Все долго молчали; когда он кончил, только старушка мать с горестью заметила, что и в просвещенных и больших местах случаются, видно, худые дела, и удивлялась, как же это начальство там православное, а за этим не смотрит!
Николаки немного покраснел за мать и сказал ей:
– Вы, матушка, уже слишком древняя кирия. Ныньче свет не такой!
Потом он развеселился и предложил Алкивиаду выслушать его рассказ об эпирских греках.
– Хорошо! – воскликнул он, – ты рассказал мне трагическую историю из аристократической жизни русских; а я расскажу не одну, а две истории про наших… В одном селе, в странах наших, жил в старые годы один молодой паликар. Женился он на красивой девушке; справил свадьбу; пожил с молодою женой хорошо и уехал торговать на чужбину, как, ты знаешь, делают многие эпироты. Вернулся он через пять лет; жена все еще была хороша и без него стала любовницей одного турецкого бея. Расстались, однако, они, когда вернулся муж; но долго бей без нее оставаться не мог; он решился похитить ее и убедил ее так, что она согласилась на это. Бей выбрал день, в который она с мужем должна была ехать в гости к родным в другое село. Он взял с собой трех отважных турок и скрылся с ними за утесами на пути. Муж ехал на муле; жена шла около него пешком; не доходя до утеса, жена сказала мужу: «Поезжай тихо, а я одежду хочу поправить и после догоню тебя!» Видно, ей было страшно. Бросились турки на мужа; но он имел оружие; ранил всех трех, и остался бей перед ним один. «За что хотел ты мне зла? – спросил он его. – Отдай мне оружие и скажи мне правду, тогда я подарю тебе жизнь». Бей отдал ему оружие и сознался, что хотел похитить его жену. Тогда муж не вынес этих слов и убил бея. Возвратился к жене, отрубил ей обе груди, бросил ее на дороге, истекающую кровью, и бежал из Турции. Дело это старых времен. Турки были тогда проще, и паша сказал: «Напрасно бежал человек – я бы не наказал его. Он исполнил долг своей чести!»

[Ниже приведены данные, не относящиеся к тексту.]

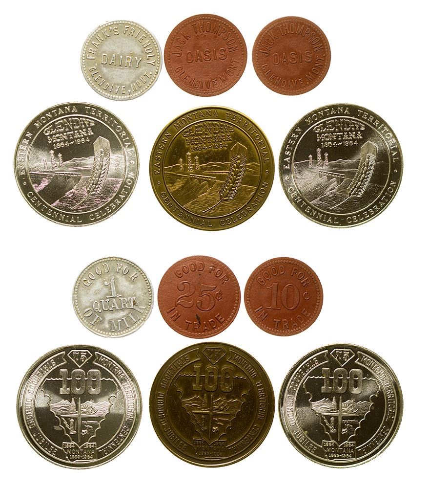 1) Frank'd Friendly Dairy. 2) Three tokens: Glendive territorial Centennial 1864-1964. 3) Two tokens: Jack Thompson Oasis //GF / 10c, 25c / IT. (Svoboda Collection) City: Glendive State: Montana Date: HWAC# 35823

– Какая жестокость, но вместе с тем какая греческая отвага! – сказал Алкивиад.
– Конечно, люди простые, без воспитания, – вздохнув, заметила старушка.

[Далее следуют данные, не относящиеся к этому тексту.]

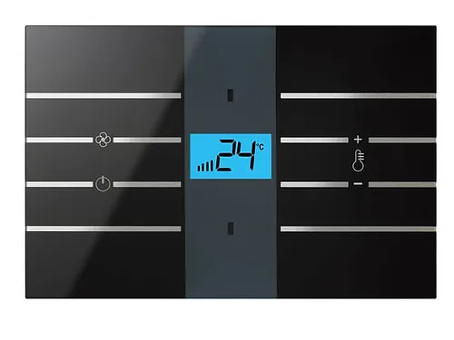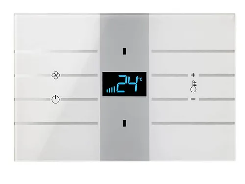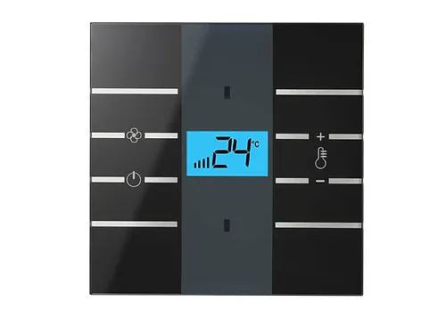 Γύρω από την οθόνη υπάρχουν 8 πλήρως διαμορφώσιμα χωρητικά πλήκτρα για τον έλεγχο οποιασδήποτε συσκευής KNX. Μερικά από αυτά μπορούν να χρησιμοποιηθούν για να ενεργούν τοπικά στα χειριστήρια του θερμοστάτη, όπως η διακύμανση της θερμοκρασίας ρύθμισης, η διακύμανση του αερισμού και η επιλογή των σεναρίων αναμονής και νυχτερινής άνεσης.

– Подожди! – продолжал Николаки, – я расскажу и другую историю; та не будет такая жалкая. В другом нашем городе явился другой паликар. Сосватал он себе одну девушку из другого села и не знал, что она давно любила другого. Собрались люди на свадьбу; привезли невесту из того села; поехали с ней родные и гости. Начали петь песни свадебные, кушать, пить и плясать. Невеста была в другой комнате с женщинами, по обычаю. Вдруг она говорит им: «Подождите; нездорова я что-то. Выйду воздухом подышать!» Вышла и родила ребенка в саду. Никто и не знал, что она беременна. Ребенок был мертвый, вероятно, от волнения, в котором была мать. Ждут ее женщины другие, ждут; нейдет назад. Вышли и видят, она в поле идет с ребенком; хоронить его хочет. Закричали женщины; сбежались все; взяли у ней ребенка мертвого; взяли и ее, уложили сперва, а потом на другой день отправили назад к отцу в село. Расстроился праздник, и разъехались все; но они уже были обвенчаны; молодой обдумал и на увещания пойти к митрополиту и просить развода отвечал: «Нет не пойду. Такую, должно быть, Бог мне судьбу дал; возьму ее опять; она мне жена и, может быть, доброю хозяйкой будет». И взял ее, и живут с тех пор не хуже других.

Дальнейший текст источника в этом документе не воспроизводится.